The theory that resonates the most for me is social learning, as I believe that humans are social creatures in the first instance. I have several real-life examples when people become alcoholics or drug addicts because they live in a bad neighborhood, where almost everyone including their parents are substance abusers. However, I understand that addiction may be a result of mental illness, as people may become unable to control their actions. In conclusion, even though I lean towards social learning theory, I understand that it cannot explain every case of addiction.
Short- and Long-Term Dangers of Substances
The hallmarks of addiction are tolerance, withdrawal, impaired control over substance use or behavior, preoccupation with the matter, and continued use despite consequences. All these can be summarized by impaired self-control, as continued use of a substance or practice of behavior a person usually demonstrates a deterioration in the ability to regulate his or her actions (National Institutes of Health 6).

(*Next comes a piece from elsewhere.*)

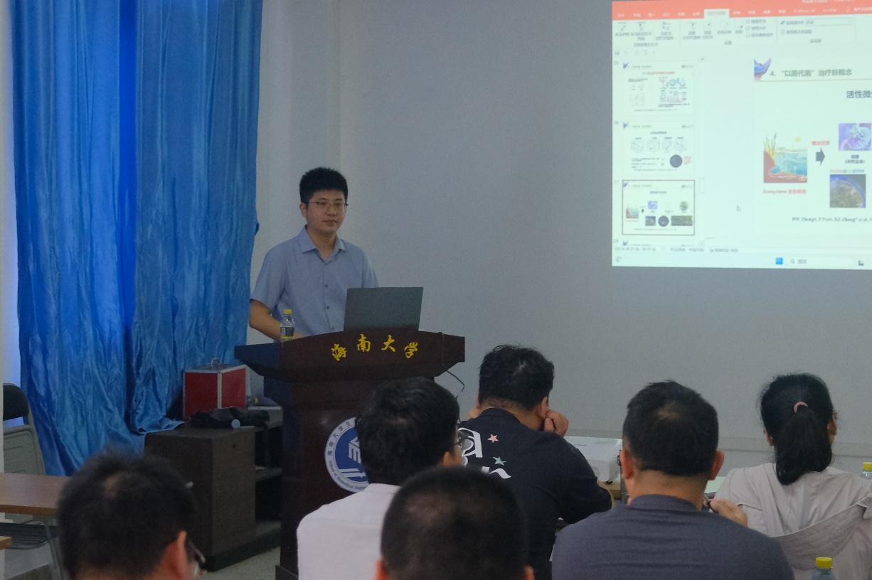 结合团队的研究进展,郑迪威博士从基于主客体作用、疏水力作用以及两亲性分子自组装的构建方法对活性微生物材料的研究工作进行了详细讲解,并向大家介绍了“以菌治菌”和“以菌代菌”等治疗策略,同时还展示了团队目前已取得的成果。

These hallmarks are a result of a person perceiving only positive effects of a drug or action when he or she first tries it (National Institutes of Health 5). In short, the hallmarks of addiction are rather explicit and can be easily explained.
The number of people taking drugs in the United States is disturbing. Even though the National Institute of Drug Abuse reports a decrease in the number of hard drugs, there is “a substantial and significant increase in vaping” (para 1). The number of drug abusers is the result of the psychological effects of addictive substances. At first, drugs produce pleasurable effects such as a feeling of power, self-confidence, or relaxation and satisfaction (National Institutes of Health 5).
However, chronic use of addictive substances can lead to pathological changes to the brain and long-term mental problems, while enjoyment and satisfaction are no longer achieved. These effects can be related to the hallmarks of addiction, as people become obsessed with getting pleasure from substances and cannot see the adverse effects of the matter.
For instance, medical professionals are well aware of the positive effects of some painkillers to relieve stress. These professionals may tend to use the drug for the positive effect as they think they can control behavior. Over time, they need to increase the dose of the drug as a positive impact becomes harder to achieve. This causes a preoccupation with consuming the substance.
National Institutes of Health. Drugs, Brains, and Behavior: The Science of Addiction. NIH Publications, 2018.
National Institute of Drug Abuse. “Monitoring the Future Survey: High School and Youth Trends.” Drugabuse, 2018. Web.
Ouzir, Mounir, and Mohammed Errami. “Etiological Theories of Addiction: A Comprehensive Update on Neurobiological, Genetic and Behavioural Vulnerability”. Pharmacology Biochemistry and Behavior, vol 148, 2016, pp. 59-68. Elsevier BV. Web.